I worked with my buyer for over 6 months trying to find a decent home within her retirement income price range. Unfortunately, that price range was the same as investors buying with cash so we lost several offers.
Then I had a brilliant idea....we would find a really ugly but structurally sound home well under her price range and utilize the FHA Rehabilitation Loan to make it perfect. The idea was great, the execution was painful - primarily due to what I didn't know. Thank goodness I explained to my buyer in advance that this was new territory for me.
We found a bank-owned fixer in a good neighborhood at a price that allowed the improvements. The original scope of work included:
- New insulation in the attic (current insulation was nothing but dust)
- Add a Tankless Hot Water Heater which allowed a more functional reconfiguration of the laundry room
- Repair a hole in the wall that previously held a wall air-conditioner
- Remove one wall between the kitchen and main living area to create a "great room"
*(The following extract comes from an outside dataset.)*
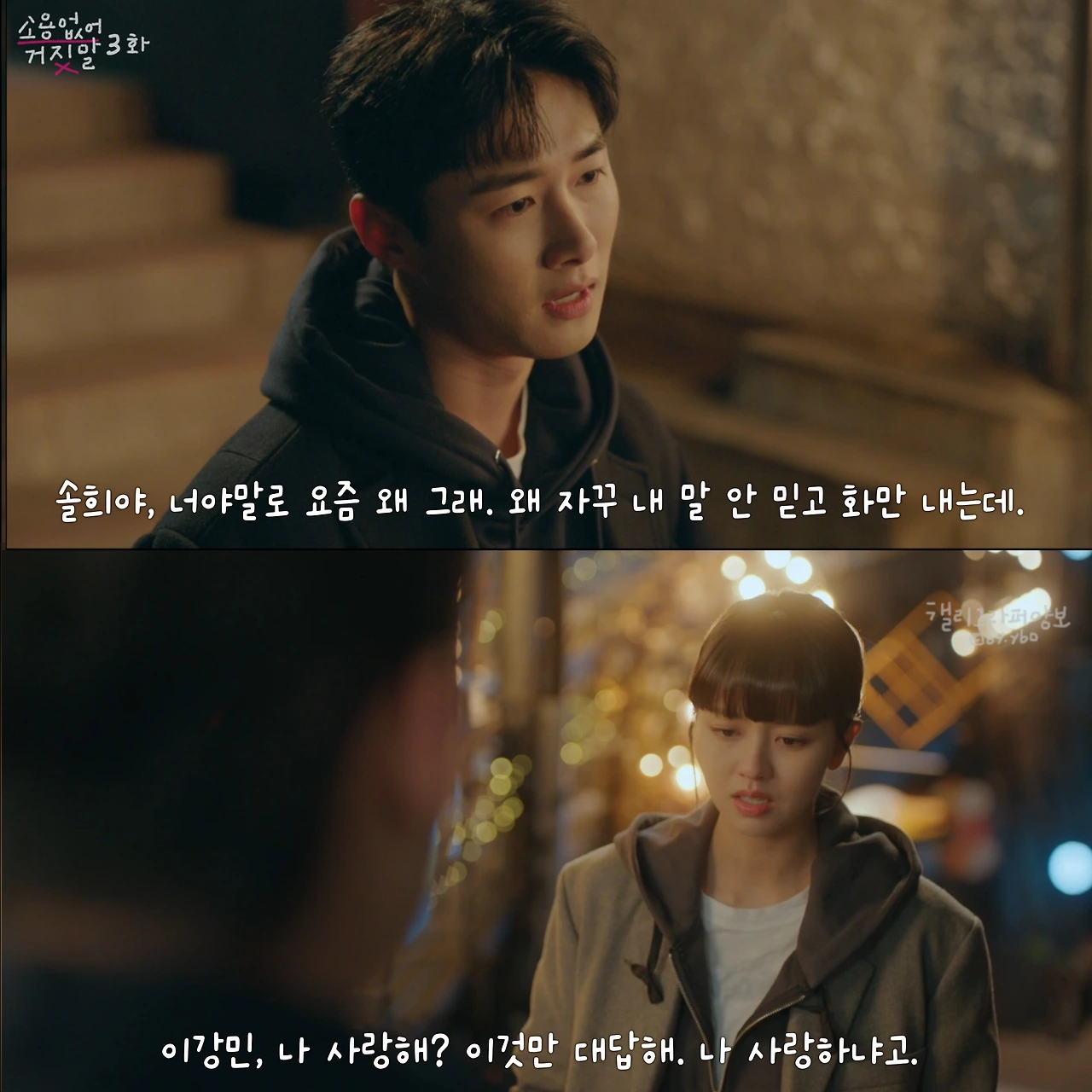 솔희(김소현 분)는 태어나면서부터 사람들의 말에서 거짓말을 구분하는 특별한 능력이 있었다. 드라마 <소용없어 거짓말>의 제목은 이러한 능력을 지닌 솔희를 설명하기도 한다. 처음 솔희의 능력을 접했을 땐 드라마에서 불필요한 오해를 없애는 ‘사이다’ 장치라고 생각했다. 가령 2화에는 남자 주인공인 도하(황민현 분)가 정황상 변태로 오해받는 장면이 나온다. 동네 주민들은 그 주변에 출몰하는 변태와 그의 차림이 비슷하다는 이유로 그를 변태로 확정시하고 있었지만, 솔희는 변태가 아니라는 도하의 말속에서 거짓의 소리가 들리지 않았기에 모두 앞에서 그가 변태가 아니라고 단언한다. 물론 솔희가 믿는 것과 사람들에게 사실을 확인시켜 주는 건 별개의 일이지만, 적어도 두 사람이 위기의 순간 괜한 오해로 서로를 믿지 못해 겪는 고구마 같은 시련은 없을 것 같았다. 하지만 이러한 생각은 단 1회 차만에 전환점을 맞는다.

- Replace 3 kitchen cupboards
- Replace the 30 year old, yellow, laminate counter tops with Silestone
- Change the electric stove to gas and add a vented convection microwave
- Add French Doors and a deck
- Repair the dry rot on the eaves and siding
- Paint the exterior
I utilized my trusty roster of professionals in each category who are known for quality work at
competitive prices. The total project cost came in at $28,000 which meets the "streamline" FHA Rehab program (limited to $35,000). This will be great! But then the unexpected happened.... again....and again....and again.
I had no idea that the simple act of moving kitchen cupboards triggered a kitchen remodel permit. The kitchen remodel permit triggered the need to meet Title 24 (aka California Energy Code) standards. The Title 24 electrical standards triggered the need for an electrical upgrade for the entire house. Add it to the project.
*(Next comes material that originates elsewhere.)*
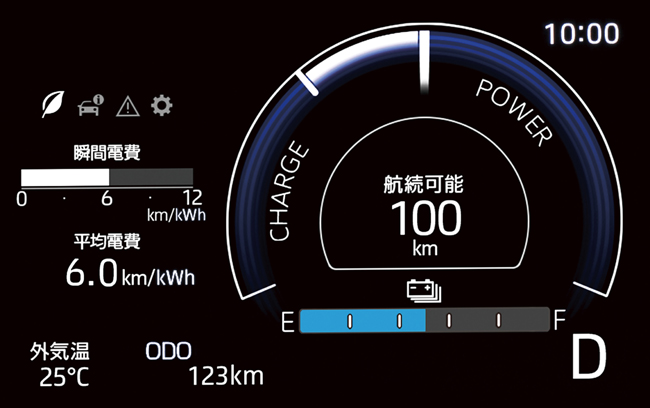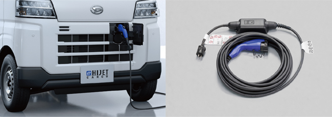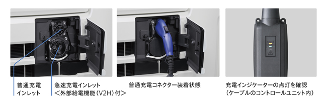 充電については、最大6kWのAC普通充電とCHAdeMO方式のDC急速充電に対応。7mの普通充電用ケーブル(AC200V)を標準装備するとともに、外出先で急速充電器が使用可能な急速充電インレットを全車に標準で組み込み、約50分の急速充電で電欠ランプ点灯から充電率80%を実現する。また、急速充電インレットの採用によってクルマから建物への給電ができるV2Hの利用を可能とした。さらに、走行時でも使えるAC100V・1500Wアクセサリーコンセント(非常時給電システム付)を装備。フロントドアとドアガラスを閉めた状態でも車外に電源コードを引き出して給電できる外部給電アタッチメントも設定している。

The house was built in an era when sewer clean-outs weren't standard. If the sewer ever backed-up, it would discharge under the house. Eeeeuuuuw. Add a new sewer clean-out to the project.
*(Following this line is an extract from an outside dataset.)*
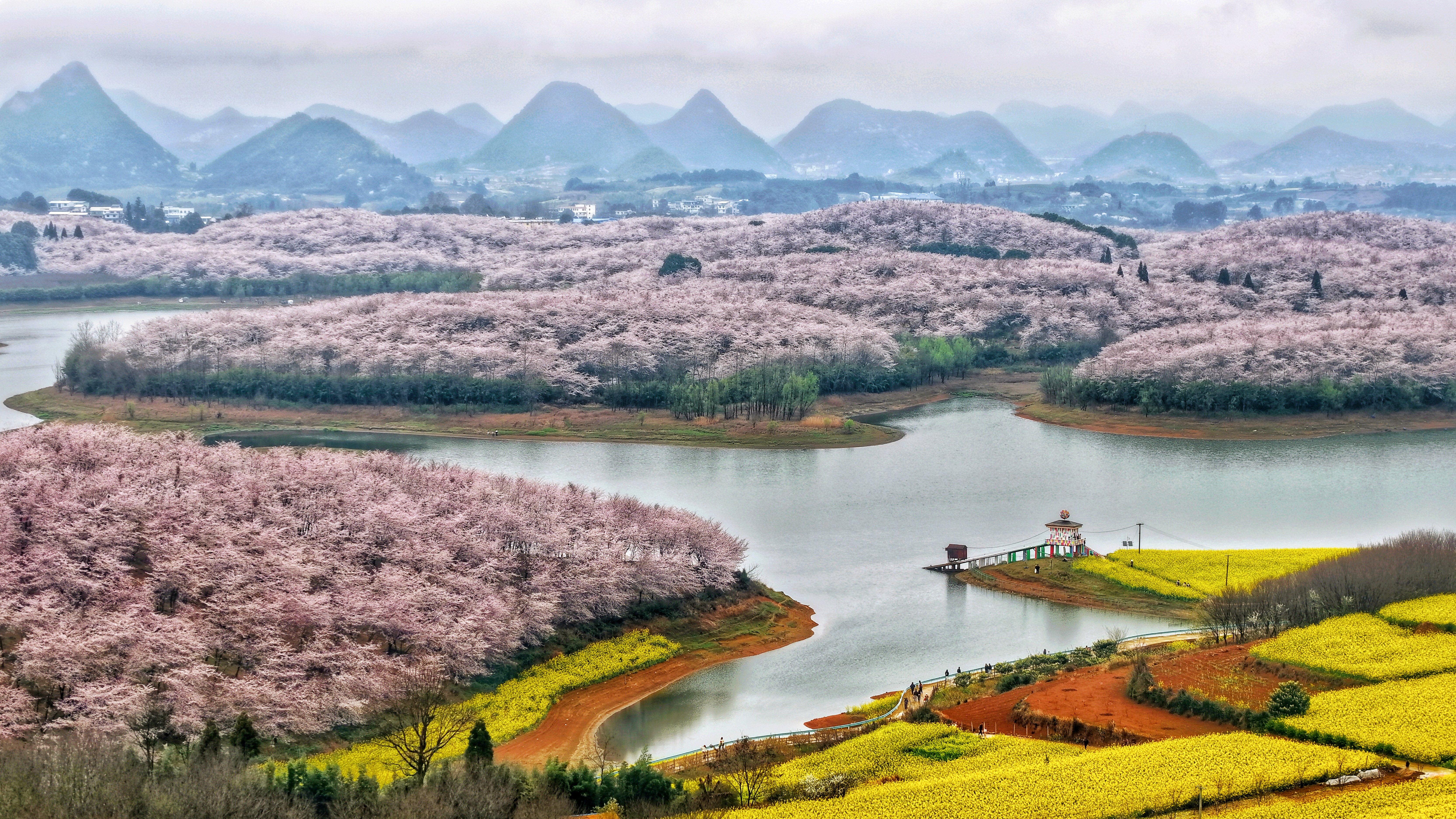 眼下,贵安樱花园正处于一年中最动人的盛花期,2.4万余亩、70万余株樱花缀满枝头,绵延成无边无际的粉色云海,与碧波荡漾的红枫湖交相辉映,一步一景皆成诗画,成为“爽爽贵阳·山水贵安·花漾高峰”春日里最耀眼的文旅地标,吸引着八方游客前来打卡赏樱。

Although the roof looked fine from the ground, it only had 2 years remaining life. The roofer then pointed out that the reason there was so much dry rot on the eaves was the failing gutters. Add a new roof and gutters to the project.
The FHA appraiser had concerns about the grade of the yard and that the drainage from the downspouts wasn't properly directed away from the house. Add re-grading the yard and new drainage under the sidewalk to the project.
The list goes on but you get the idea. The unexpected additions to the project put the total
cost well over the Streamline limit and we moved in to the Full 203(k) Rehab category. In itself not an issue. The problem was that we had individual contractors performing each segment of the work for a total of 6 contractors - not a problem with a Streamline but a paperwork nightmare with a full 203(k). Every contractor had to provide a Contractor Profile, proof of license and insurance and references (which the lender is required to check so the loan officer had to call 24 references vs 4 - he doesn't like me very much right now). The poor HUD Consultant had to work with 6 contractors to get all of her paperwork completed. We have to figure out a draw schedule to get 6 contractors paid in a timely manner.
The paperwork is now done, we will be closing next week. Although my "newbie" mistakes made this process far more difficult than necessary, the desired end result will be acheived - the buyer will have a fabulous, personalized home within her budget when the work is complete!
Here is my advice to anyone considering an FHA Rehab even if you THINK it's going to be a Streamline:
1. No matter how carefully you view the property, allow at least 30% for unexpected upgrades and expenses (unless you have memorized the code requirements in every city in your market area)
2. Choose one, competitive General contractor who is familiar with FHA Rehab Loans. It will save you untold hours of additional work.
3. Hire a HUD Consultant immediately. THEY will work with the General contractor to complete all of the required paperwork.
Wendy Cutrufelli
Broker Associate
925.917.1135
The positions on this site are my own and don't necessarily represent Alain Pinel Realtors' positions, strategies or opinions.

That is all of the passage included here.